-
Notifications
You must be signed in to change notification settings - Fork 79
Description
Sas7bcat labels with special characters are not correctly translated into UTF-8.
As an example coming from this R-Haven issue, when reading the file "formats.sas7bcat" coming from here, I get labels like "modalit\xe9 \xe01", which are not valid UTF8 but are valid windows-1252 or latin1. The thing is that readstat correctly sets the file.encoding to windows-1252, so that string should be already valid UTF-8 when my function readstat_value_label_handler gets it. This happens in pyreadstat, in R-Haven and debugging readstat with gdb. An user found a similar issue in pyreadstat for another file of his.
Looking at readstat_sas7bcat_read.c, in the function sas7bcat_parse_value_labels, it seems to me that the variable label never gets converted. I inserted the following after line 91 and cures the problem:
const char *label = &lbp2[10]; // this is line 91
//added! 20181011
char *label2[label_len];
retval = readstat_convert(label2, sizeof(label2),
label, label_len, ctx->converter);
if (retval != READSTAT_OK)
goto cleanup;
As my understanding of readstat and iconv is still low (hope to improve it!) I am not sure if this is the proper solution, and therefore I did not dare to send a PR, but I can do after your suggestions.

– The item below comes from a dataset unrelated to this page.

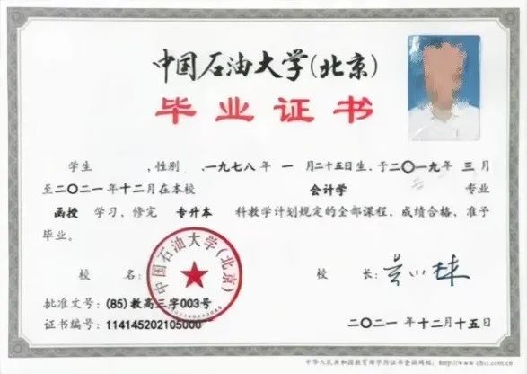 學生在規定學習年限內修滿教學計劃規定的學分,達到畢業要求的,由學校頒發國家承認的中國石油大學(北京)成人高等教育畢業證書,并在教育部學信網電子注冊;符合學校學位授予條件的,可申請獲得學士學位。

Another smaller, but still confusing thing is that if I set the encoding manually with readstat_set_file_character_encoding, to let's say something like LATIN1, and later I want to recover the file encoding with readstat_get_file_encoding, I still get WINDOWS-1252. The reason for this I think is because in readstat_sas7bcat_read.c line 371:
.file_encoding = hinfo->encoding
should be:
.file_encoding = ctx->input_encoding
as it is in readstat_sas7bdat_read.c line 594, to reflect that the user set the encoding manually.